So if you had to realistically predict the future, which they attempt to do on Wall Street each and every day, then you’d need tools in place that helped you accurately predict, calculate, and gauge future decisions and actions.
Welcome the Google search engine!
Google’s search engine can be looked at as the ultimate leading indicator. People are trending in searches based on what’s happening right now, not what might happen a few months from now. So mining the search data can really give you some fascinating insights into the future.
Google Can Predict The Unemployment Rate
One very cool way that people are figuring out with Google is how to do things like predict the unemployment rate.

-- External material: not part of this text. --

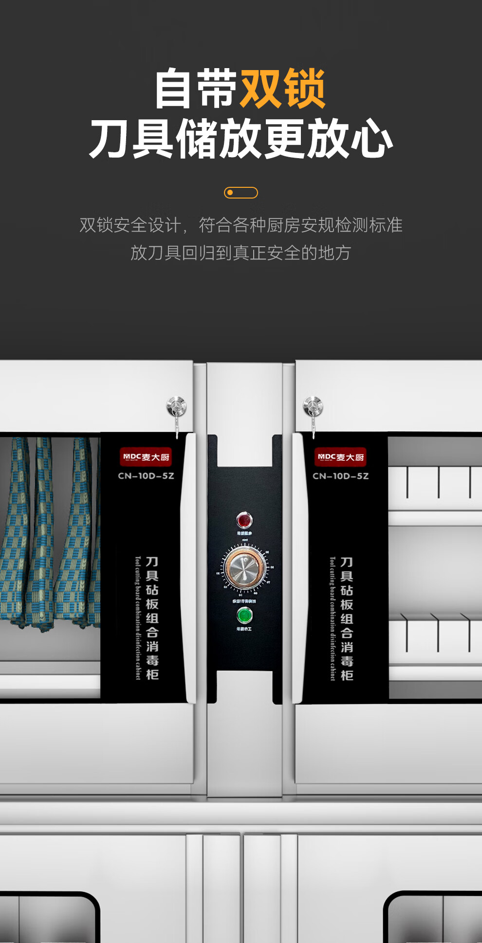 麥大廚旋鈕款750W單門雙層刀具砧板組合消毒柜(臭氧+紫外線+熱風(fēng)循環(huán))

According to Forbes.com, two researchers think that it has another benefit: the ability to predict the future.
Based on weekly reports of web searches, Francesco D’Amuri from the University of Essex and the Bank of Italy and Juri Marcucci from the Bank of Italy argue that the rate of Google searches for the keyword ‘jobs’ serves as a better leading indicator of the U.S. unemployment rate than traditional methods. Any change in the rate of searches for jobs correlates with up and down movements in the unemployment rate, the professors found. By incorporating Google searches into forecasting models, the researchers were able to outperform predictions conducted by the Federal Reserve Bank of Philadelphia.
How could this affect your wallet? U.S. stocks generally rise and fall on unemployment numbers, meaning that Google may offer sophisticated traders an informational advantage over the competition. For example, a person who accurately predicts that the unemployment rate is falling will be in a position to snag cyclical companies like Best Buy before other investors know that consumers may be more willing to spend money on discretionary items like TVs or iPads.